┌──

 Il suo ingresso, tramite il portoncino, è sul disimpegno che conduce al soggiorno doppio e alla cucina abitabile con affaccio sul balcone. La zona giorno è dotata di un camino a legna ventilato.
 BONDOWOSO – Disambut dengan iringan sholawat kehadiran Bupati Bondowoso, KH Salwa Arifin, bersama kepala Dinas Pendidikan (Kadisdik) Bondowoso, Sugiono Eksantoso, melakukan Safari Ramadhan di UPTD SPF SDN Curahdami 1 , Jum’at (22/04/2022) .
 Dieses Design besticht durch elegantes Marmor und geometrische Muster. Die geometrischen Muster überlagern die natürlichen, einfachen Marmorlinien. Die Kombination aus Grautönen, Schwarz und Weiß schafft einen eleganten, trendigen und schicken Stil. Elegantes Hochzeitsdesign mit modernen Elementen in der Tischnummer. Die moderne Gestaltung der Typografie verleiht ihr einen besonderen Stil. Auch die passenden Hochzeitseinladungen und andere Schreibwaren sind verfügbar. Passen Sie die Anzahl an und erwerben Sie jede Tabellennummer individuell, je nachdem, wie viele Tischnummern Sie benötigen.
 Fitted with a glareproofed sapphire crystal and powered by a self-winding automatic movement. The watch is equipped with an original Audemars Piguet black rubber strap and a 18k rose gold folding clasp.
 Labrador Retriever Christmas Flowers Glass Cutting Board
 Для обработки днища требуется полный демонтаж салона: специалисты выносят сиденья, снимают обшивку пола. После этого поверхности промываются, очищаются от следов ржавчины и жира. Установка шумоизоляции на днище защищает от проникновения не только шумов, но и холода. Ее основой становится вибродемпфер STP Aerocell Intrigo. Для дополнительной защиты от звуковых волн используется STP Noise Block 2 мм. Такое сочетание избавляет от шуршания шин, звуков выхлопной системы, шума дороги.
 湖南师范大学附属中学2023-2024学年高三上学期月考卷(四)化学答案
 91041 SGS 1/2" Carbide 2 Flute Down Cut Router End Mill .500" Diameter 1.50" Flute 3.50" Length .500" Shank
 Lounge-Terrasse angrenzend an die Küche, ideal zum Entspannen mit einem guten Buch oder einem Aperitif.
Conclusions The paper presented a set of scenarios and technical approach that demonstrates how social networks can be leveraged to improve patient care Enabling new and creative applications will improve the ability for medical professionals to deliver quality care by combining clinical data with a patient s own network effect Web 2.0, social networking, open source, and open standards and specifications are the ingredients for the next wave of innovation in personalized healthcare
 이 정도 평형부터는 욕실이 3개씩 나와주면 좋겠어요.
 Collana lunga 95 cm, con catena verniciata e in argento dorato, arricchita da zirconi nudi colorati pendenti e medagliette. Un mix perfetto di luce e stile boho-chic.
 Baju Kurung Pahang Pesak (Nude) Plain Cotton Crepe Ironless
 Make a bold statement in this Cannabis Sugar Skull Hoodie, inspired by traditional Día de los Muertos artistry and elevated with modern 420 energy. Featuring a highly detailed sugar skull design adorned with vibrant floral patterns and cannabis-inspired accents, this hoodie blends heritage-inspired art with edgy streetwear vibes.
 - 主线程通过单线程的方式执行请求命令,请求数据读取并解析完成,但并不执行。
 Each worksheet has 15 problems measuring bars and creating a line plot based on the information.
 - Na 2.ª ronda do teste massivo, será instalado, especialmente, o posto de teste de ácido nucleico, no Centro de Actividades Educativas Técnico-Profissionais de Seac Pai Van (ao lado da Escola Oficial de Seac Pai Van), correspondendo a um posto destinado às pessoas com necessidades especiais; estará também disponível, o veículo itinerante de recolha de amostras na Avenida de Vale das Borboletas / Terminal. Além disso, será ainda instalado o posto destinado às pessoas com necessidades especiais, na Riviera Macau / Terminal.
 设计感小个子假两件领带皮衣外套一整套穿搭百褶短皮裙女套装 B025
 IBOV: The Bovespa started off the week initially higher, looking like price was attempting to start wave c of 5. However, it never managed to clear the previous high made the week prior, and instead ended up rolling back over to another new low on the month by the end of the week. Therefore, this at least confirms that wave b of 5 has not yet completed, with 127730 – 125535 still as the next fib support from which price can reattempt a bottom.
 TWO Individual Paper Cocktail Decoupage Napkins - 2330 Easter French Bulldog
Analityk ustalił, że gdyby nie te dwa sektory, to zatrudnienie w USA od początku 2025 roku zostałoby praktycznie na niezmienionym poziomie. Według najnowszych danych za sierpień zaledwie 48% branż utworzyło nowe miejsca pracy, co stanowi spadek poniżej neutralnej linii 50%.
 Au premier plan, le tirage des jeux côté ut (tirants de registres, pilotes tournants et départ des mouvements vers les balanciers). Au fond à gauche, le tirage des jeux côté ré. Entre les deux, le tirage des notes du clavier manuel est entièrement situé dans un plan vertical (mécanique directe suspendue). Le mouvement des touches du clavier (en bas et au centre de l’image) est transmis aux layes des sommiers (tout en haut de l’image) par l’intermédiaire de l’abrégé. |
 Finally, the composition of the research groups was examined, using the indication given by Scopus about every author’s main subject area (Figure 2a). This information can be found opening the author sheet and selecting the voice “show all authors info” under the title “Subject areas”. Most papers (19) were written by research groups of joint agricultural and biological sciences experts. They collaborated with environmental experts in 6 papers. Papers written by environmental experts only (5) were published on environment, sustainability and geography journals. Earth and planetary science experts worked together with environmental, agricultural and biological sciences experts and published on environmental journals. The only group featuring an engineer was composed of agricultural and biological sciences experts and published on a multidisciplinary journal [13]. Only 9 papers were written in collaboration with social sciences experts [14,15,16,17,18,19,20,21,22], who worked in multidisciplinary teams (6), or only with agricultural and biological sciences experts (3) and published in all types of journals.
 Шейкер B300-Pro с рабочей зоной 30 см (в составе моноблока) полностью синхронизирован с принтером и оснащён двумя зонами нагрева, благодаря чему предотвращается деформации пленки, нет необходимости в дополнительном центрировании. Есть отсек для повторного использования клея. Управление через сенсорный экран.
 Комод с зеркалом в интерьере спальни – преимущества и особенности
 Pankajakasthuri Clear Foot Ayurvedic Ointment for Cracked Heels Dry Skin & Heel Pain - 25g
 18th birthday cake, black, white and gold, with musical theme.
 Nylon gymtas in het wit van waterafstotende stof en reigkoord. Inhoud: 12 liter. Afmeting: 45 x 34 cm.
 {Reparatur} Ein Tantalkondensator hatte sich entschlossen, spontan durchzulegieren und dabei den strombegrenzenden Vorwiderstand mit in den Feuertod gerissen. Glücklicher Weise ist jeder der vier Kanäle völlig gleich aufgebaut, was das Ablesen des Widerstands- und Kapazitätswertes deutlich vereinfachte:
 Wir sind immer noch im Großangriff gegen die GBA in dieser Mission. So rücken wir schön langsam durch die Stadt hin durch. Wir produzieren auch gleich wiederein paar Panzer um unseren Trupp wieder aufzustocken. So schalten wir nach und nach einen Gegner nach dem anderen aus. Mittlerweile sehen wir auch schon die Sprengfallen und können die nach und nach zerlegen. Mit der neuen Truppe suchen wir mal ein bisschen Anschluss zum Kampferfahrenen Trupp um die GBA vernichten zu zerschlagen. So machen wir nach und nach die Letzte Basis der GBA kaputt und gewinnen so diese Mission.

└──

Within the data above, count the lines that contain the string "gleich"; the reply is the number alone.

OUTPUT OF THE EXERCISE: 2